Roger Ebert is so overcome by the film he loses his ability to use contractions: "Watching the movie is like viewing a natural disaster you cannot turn away from. By that I do not mean the movie is bad, any more than it is good. It is a force beyond categories."
In short, this movie is so staggering it is not even a movie anymore. It is an Act of God, beyond our mortal ken. No wonder the director has three names, nobody with only two would dare take on such daunting co-authorship: There Will Be Blood, by God (additional dialogue by Paul Thomas Anderson).
So this is a new Gospel for hordes of worshipful gits. There’s no use pointing out to them the grotesquely stupid parts, because they’ll just say you can’t handle its "rule-busting experimentation" (Peter Travers, Rolling Stone), or that it all actually works as "an absurdist, blackly comic horror film" (Glenn Kenny, Premiere Magazine). And I might have been okay with all of this, tolerant of the cine-religions of others, no matter how nutty, had there not been certain blasphemous charges made against my own faith. I actually read comparisons of this overflowing slop bucket of a film to…I can hardly type this…Raging Bull and No Country for Old Men.
Of course, you know this means war.
If you want to make grandiose comparisons, stick to the one claiming Paul Thomas Anderson has forced on us his own "bloody and brilliant Citizen Kane" (Peter Travers, Rolling Stone). You can get some logical traction with that claim. Citizen Kane is also a big hammy melodrama about an American tycoon, directed by a young egocentric fathead and accorded way too much reverence by everybody. Of course, Citizen Kane is a much better big, hammy melodrama because Orson Welles was a much better showman and mass-com technology whiz than PTA, and was great at coming up with inventive ways of expanding the use of media (radio, theater, film), getting new effects designed to make a crowd go OOOH!!

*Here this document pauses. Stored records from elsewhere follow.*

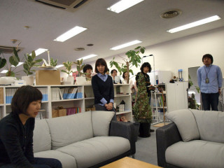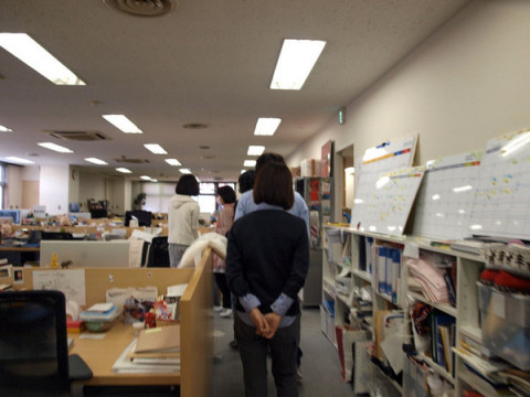 金曜日の集まり 「みなさーん、 金曜日の朝のミーティングを はじめますよ」 今日の司会は、笑顔怪獣のスギちゃんですよ〜。 「なにか報告や、 相談したいことのある方!」 「ハイッ! 22日月曜日に、 会いてー人とは、ITで。を行います。 みなさんよろしく」 全員 「はいぃぃ! たのしみ」 「みんな、忘れてるかもしれないけど、 ええ、忘れてるでしょう、 月曜日はあるコンテンツのための 締切があります。よろしく」 全員 「ひゃーー、そうだった、そうだった」 「あと、お知らせがいくつかあるので お伝えしますね」 などなどとつづき、本日の朝のミーティング、終了! 今日一日で、今週が終わります。 がんばっていきましょう。 (全員、どやどやどやと席に戻る) 2010/03/19 12:11 |
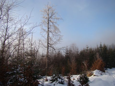 Noc na pátek 6. 2. jsme strávili v dobré třídní společnosti, snídaně ve školní jídelně byla povzbuzující, běžky odpočívaly a my jsme se vydali pěšky do kraje zaniklých obcí, vojenských silniček, do nejmladší CHKO Český les, abychom rozveselili opuštěnou přírodu svou přítomností. Místa, která byla znovu osídlena, jsou upravená a snaží se přirozeně začlenit do běhu zdejšího světa, ale přelidněno tu není. Naše trasa vedla pohraničním Haltravským hřebenem, šli jsme s přáteli Mílou a Pavlem.
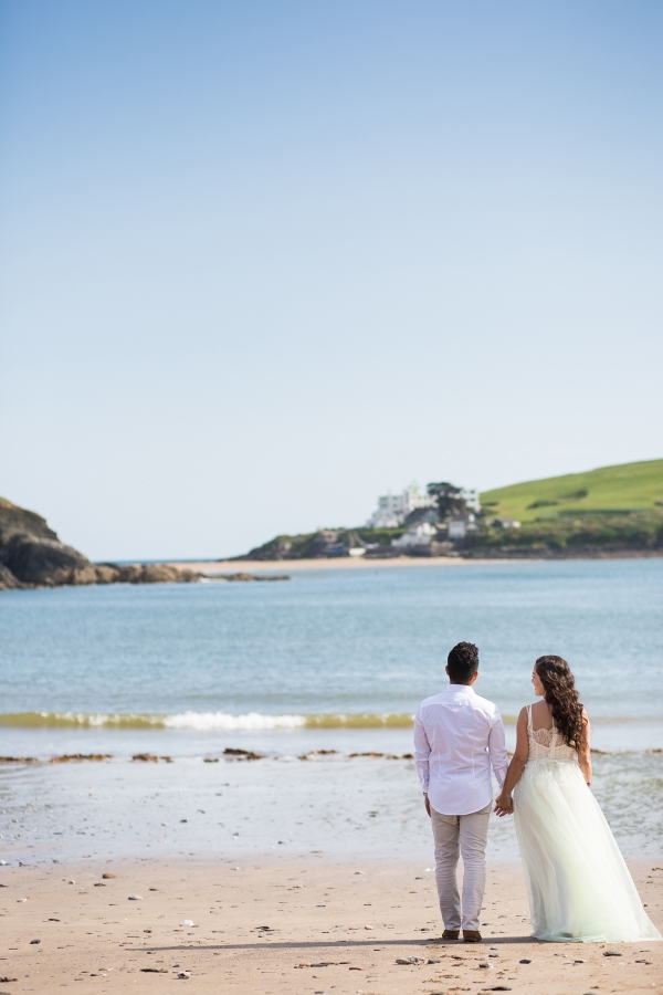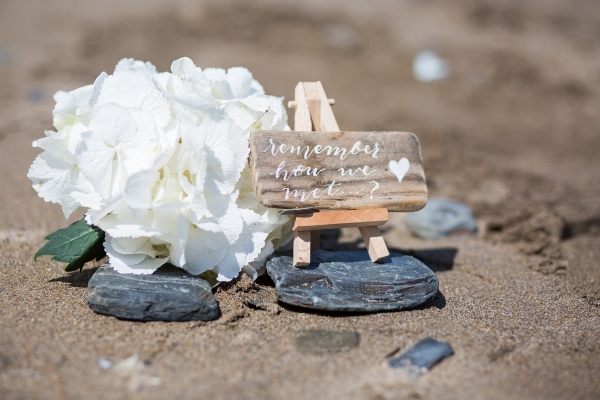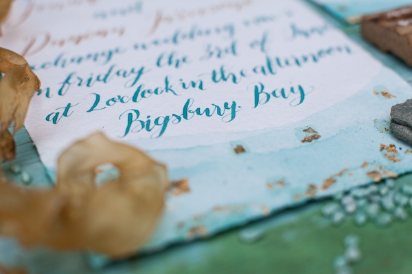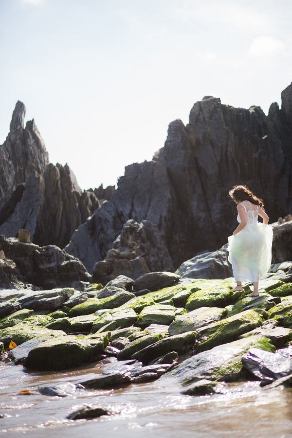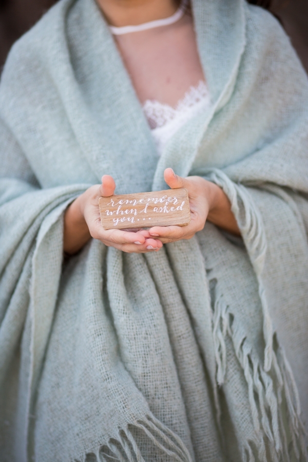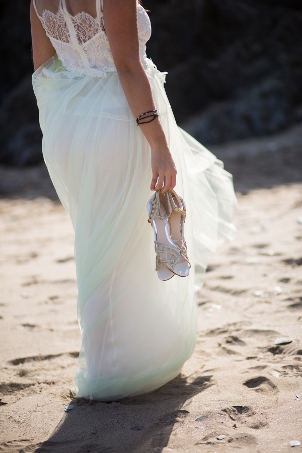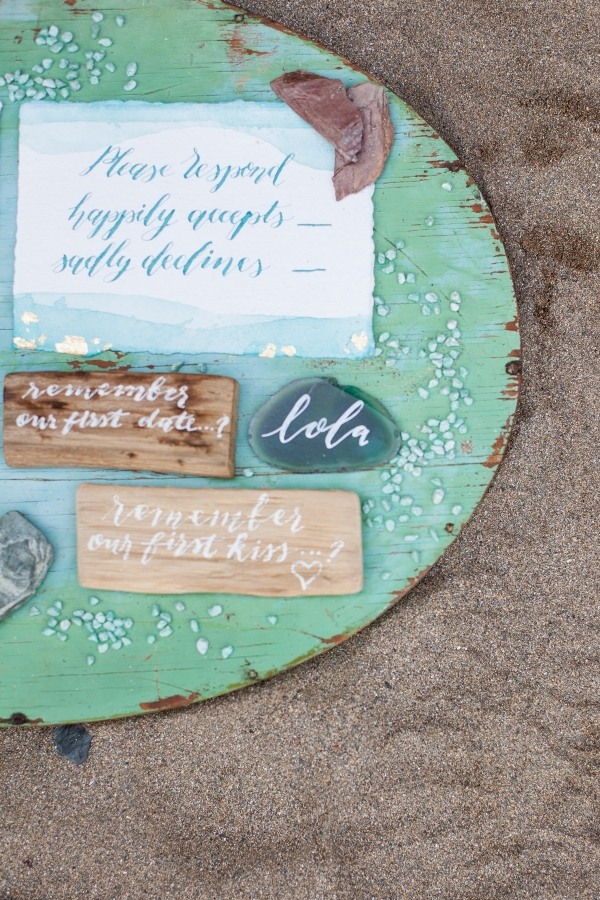 The romantic shoot involved Juan leading Carolina to a gorgeous green dip-dyed floaty dress and shoes. She then followed a path of clues, all calligraphed on driftwood,
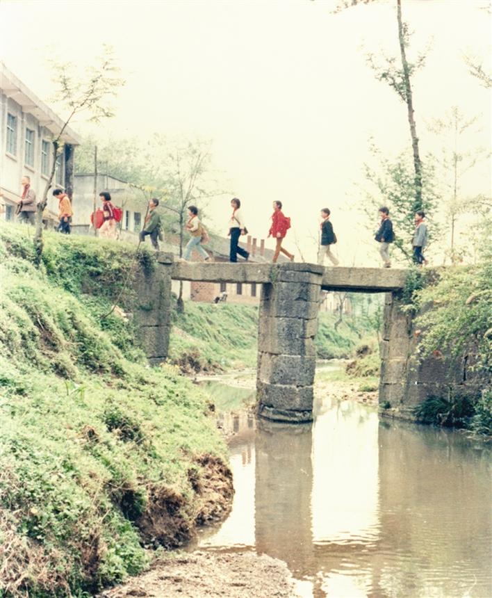 因冠英小学门前东流溪山洪暴发时,学生无法过溪上学,胡敌出资在溪上修建了一座石桥。后人为纪念胡敌,将此桥称为“胡敌桥”。(资料图片)

But Paul Thomas Anderson's big hammy flourishes aren't even any fun, they’re just irksome. Take the now-notorious "I drink your milkshake" scene. Though it might’ve been intended to thrill us with pity and terror, it had a much better chance at being hilarious: Daniel Day-Lewis prancing up howling that line, then illustrating how to drink a milkshake by going "SCHLLLLLLPPPP!!" then chasing Paul Dano around with a bowling pin. But it isn’t hilarious, either. For one thing, the scene up to that point has gone on for what seems like an hour, and it’s one of those Basil Exposition scenes with a character we haven’t seen in a while catching us up with everything he’s been doing for years and years and years, and there are all sorts of meaningful pauses and offerings of drinks and dull psychological wrangling. By the time we get to the milkshake punch line, which nobody understands or cares about anyway, it’s like hearing one of those really long jokes badly told. Everybody in the audience just sits there sadly, taking it. It’s like being part of a psychological experiment to see how much annoyance audiences will bear and still not walk out. You can picture the psychologists standing at the back of the theater, with clipboards, exchanging amazed glances as one lame effect after another is passively absorbed.
If the critics are right, this film is a groundbreaking achievement destined to have a huge impact on American cinema for generations to come. I’ve registered my objections, but I’m afraid there will be milkshakes in our future.